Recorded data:
--------------------------------------------------
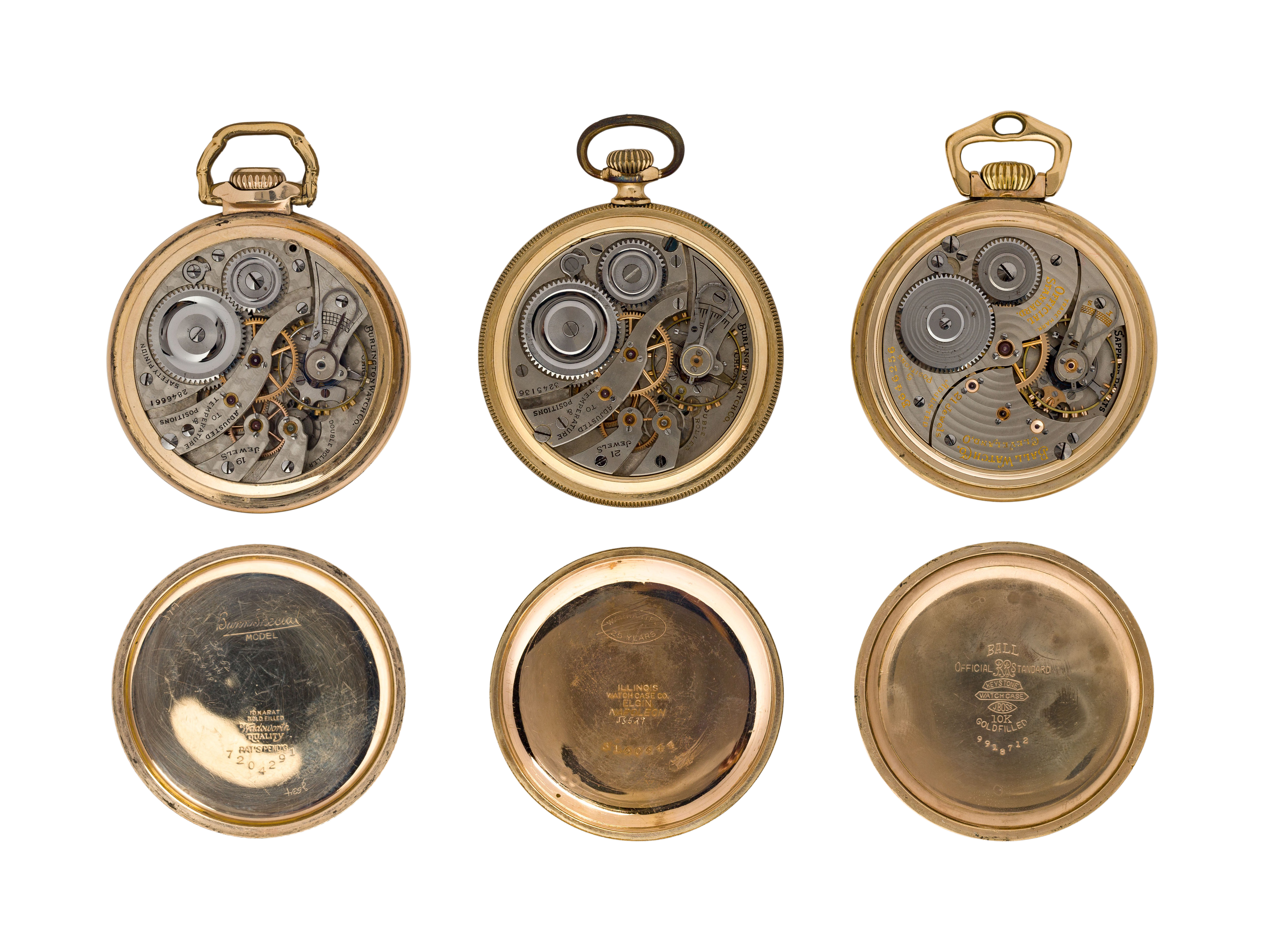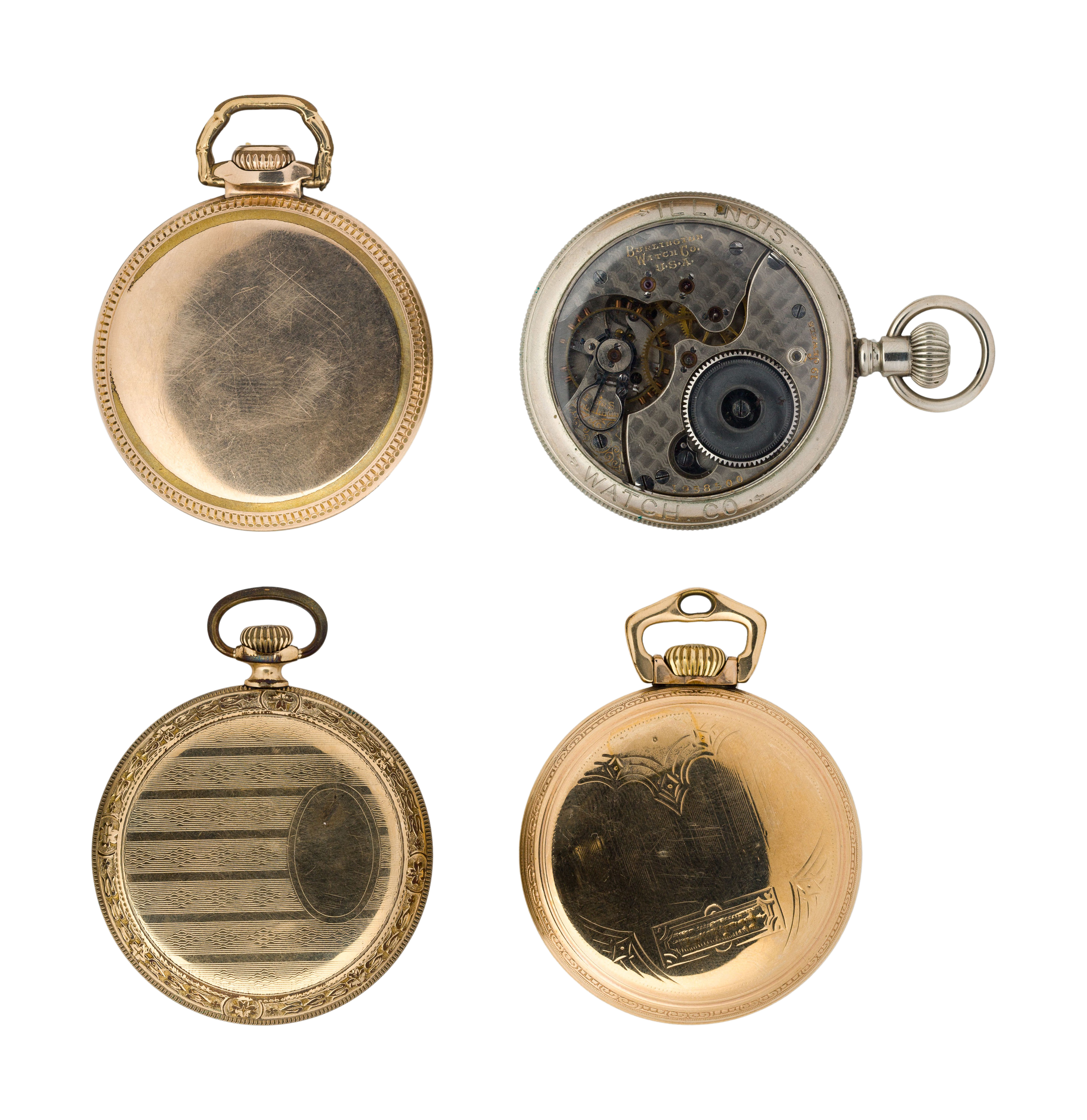 (4) items including a Burlington serial #1958500 dating to c.1907, 19-jewel movement, No.174 grade, a Burlington serial #2846661 dating to c.1915, 19-jewel movement, No.106 grade, a Burlington serial #3245136 dating to c.1917, 21-jewel movement, No.107 grade and a Ball Watch Co. serial #B646256 dating to c.1938, 21-jewel movement, No.999P grade, all having gold-filled or silver-tone cases
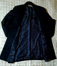 Blazer Salvatore Ferragamo originale, emblema di eleganza eccezionale e artoria italiana. Realizzato in lana pregiata color blu marino/blu notte, presenta una linia pulita e raffinata, con collo chelsea e chiusura frontale (bottoni), dettaglio classico che valorizza il design minimal.
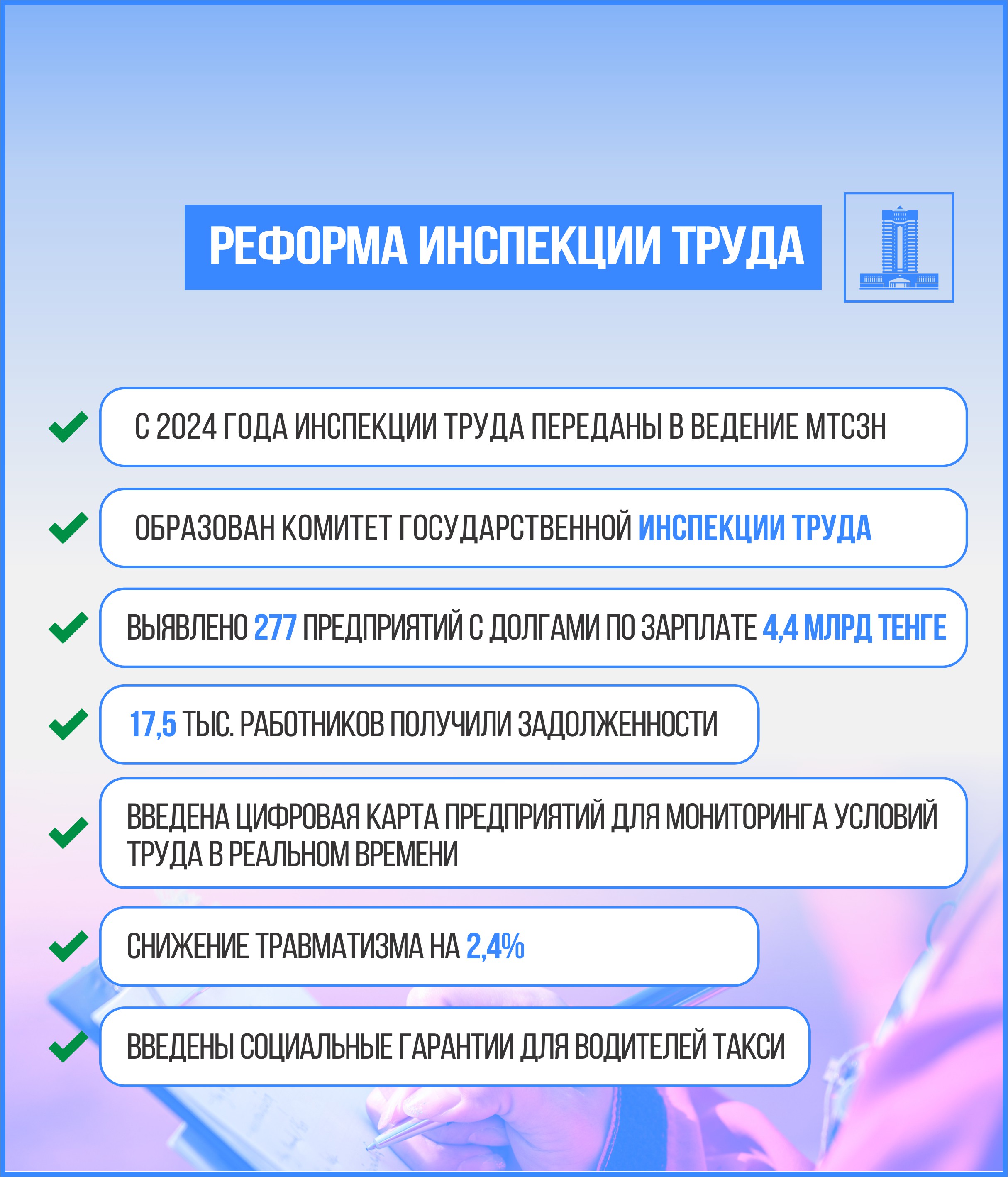 В 2024 году министерство предприняло значительные шаги для улучшения трудовых условий и защиты прав работников. Одним из важных достижений стала передача инспекции труда из местных исполнительных органов в ведение министерства. Был создан комитет государственной инспекции труда с его территориальными подразделениями. Это позволило создать независимую вертикаль контроля за соблюдением трудового законодательства.
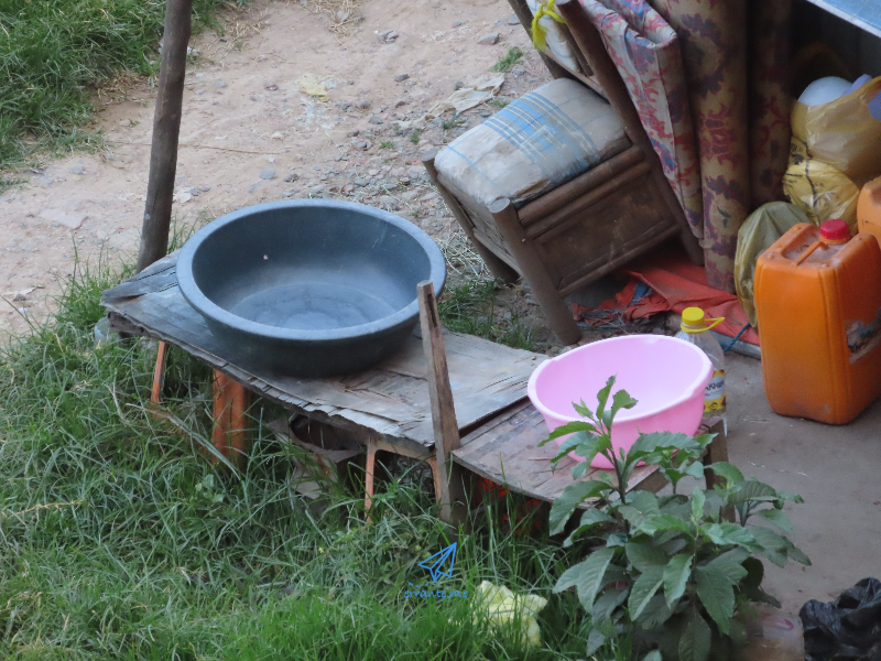 그릇 씻는 장면은 사진을 찍지 못했는데 대충 이렇습니다. 손님이 먹고 난 그릇을 회색 대야에 넣고 설거지를 합니다. 그러고 나서 분홍색 대야에 담긴 맑은 물에 한번 더 헹구면 끝.
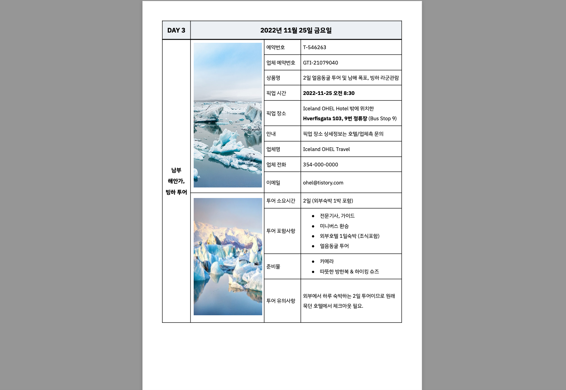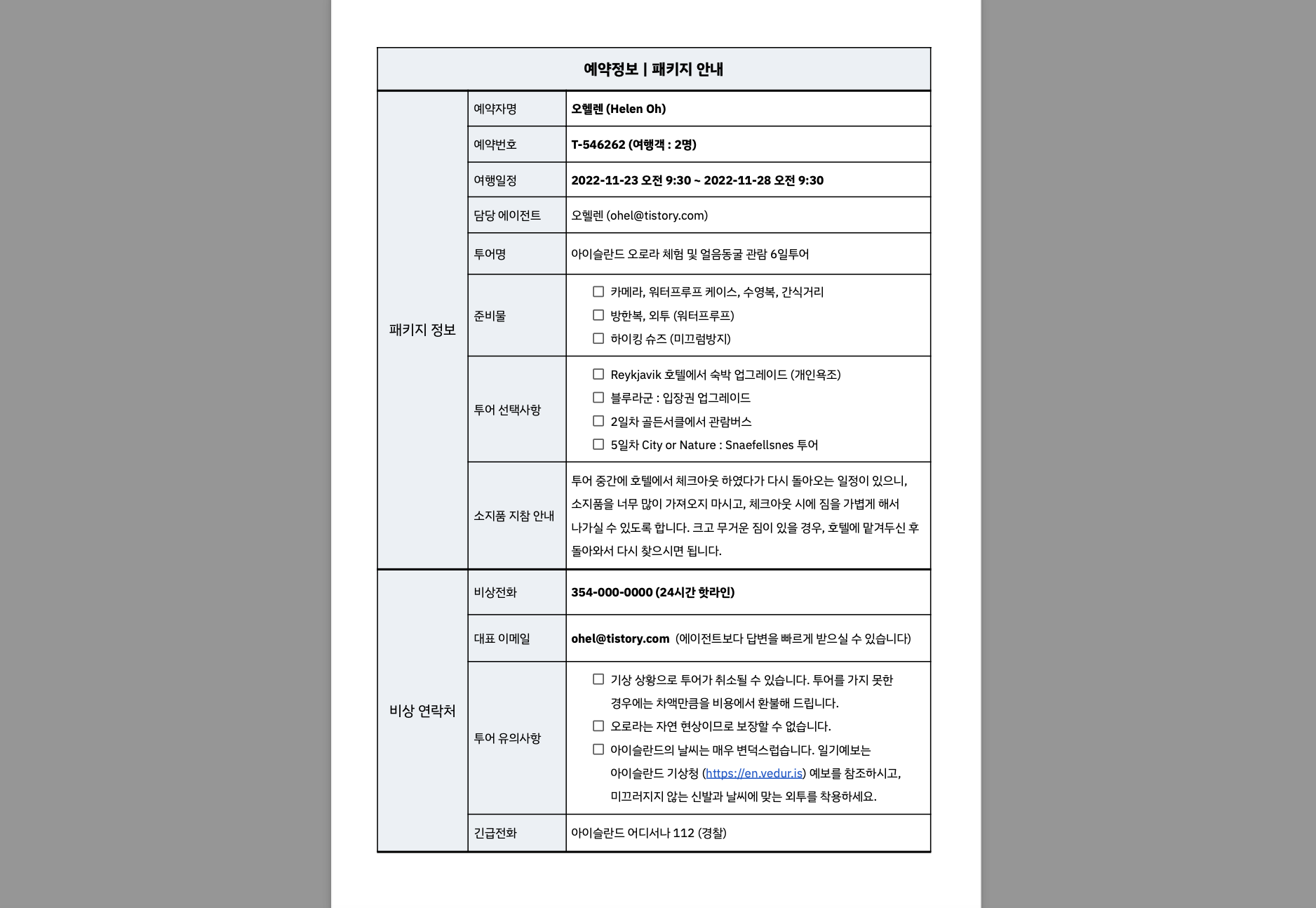 - 해외업체에 패키지투어나 관광상품을 예약했을 경우, 번역본을 만들 때 손쉽게 정리
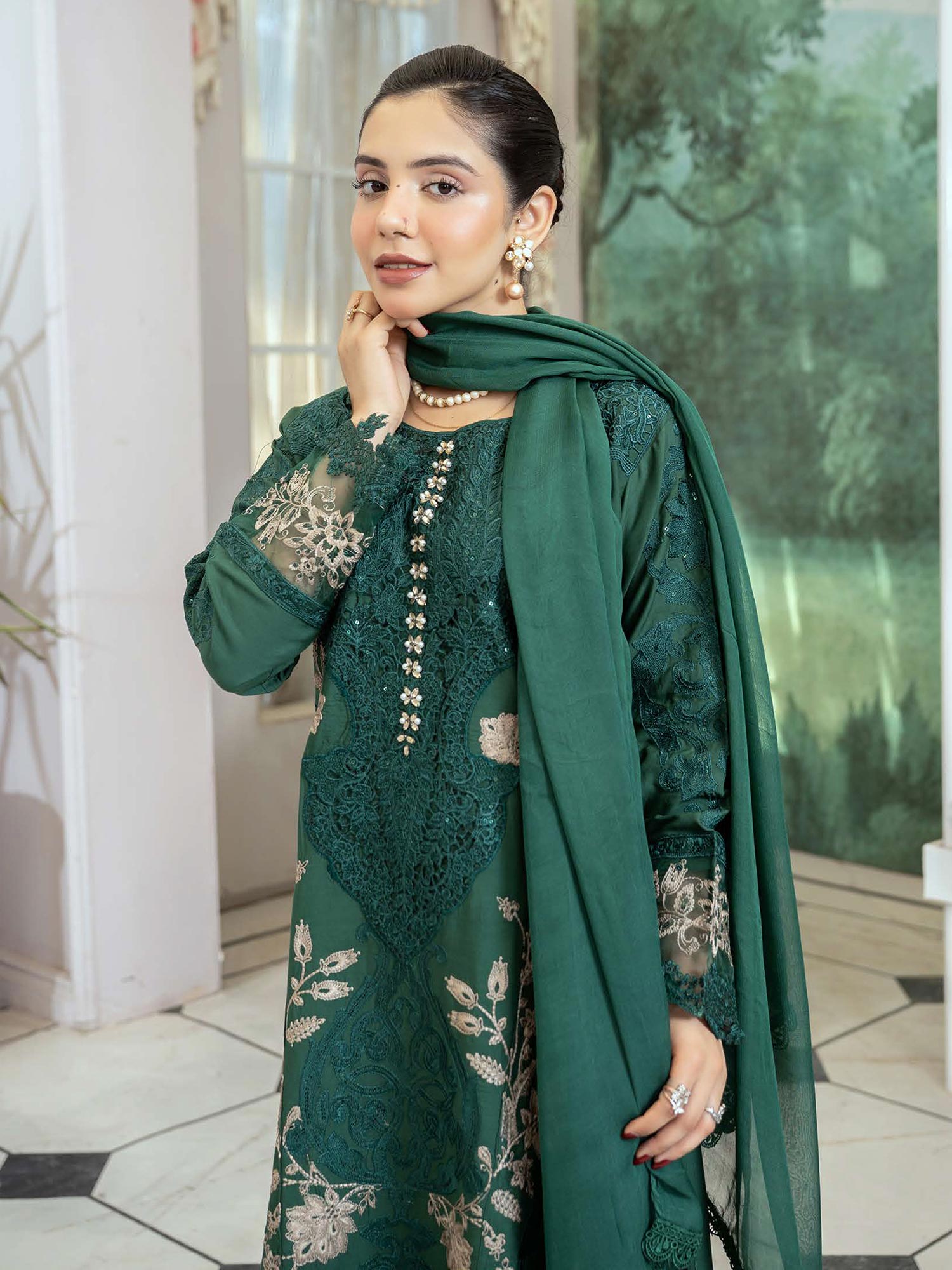 • Matching embroidered chiffon dupatta
--------------------------------------------------
PROBLEM TO WORK ON. Output each entry verbatim; none of the pictures should be included.

RESPONSE TO THIS EXERCISE.
 (4) items including a Burlington serial #1958500 dating to c.1907, 19-jewel movement, No.174 grade, a Burlington serial #2846661 dating to c.1915, 19-jewel movement, No.106 grade, a Burlington serial #3245136 dating to c.1917, 21-jewel movement, No.107 grade and a Ball Watch Co. serial #B646256 dating to c.1938, 21-jewel movement, No.999P grade, all having gold-filled or silver-tone cases
 Blazer Salvatore Ferragamo originale, emblema di eleganza eccezionale e artoria italiana. Realizzato in lana pregiata color blu marino/blu notte, presenta una linia pulita e raffinata, con collo chelsea e chiusura frontale (bottoni), dettaglio classico che valorizza il design minimal.
 В 2024 году министерство предприняло значительные шаги для улучшения трудовых условий и защиты прав работников. Одним из важных достижений стала передача инспекции труда из местных исполнительных органов в ведение министерства. Был создан комитет государственной инспекции труда с его территориальными подразделениями. Это позволило создать независимую вертикаль контроля за соблюдением трудового законодательства.
 그릇 씻는 장면은 사진을 찍지 못했는데 대충 이렇습니다. 손님이 먹고 난 그릇을 회색 대야에 넣고 설거지를 합니다. 그러고 나서 분홍색 대야에 담긴 맑은 물에 한번 더 헹구면 끝.
 - 해외업체에 패키지투어나 관광상품을 예약했을 경우, 번역본을 만들 때 손쉽게 정리
 • Matching embroidered chiffon dupatta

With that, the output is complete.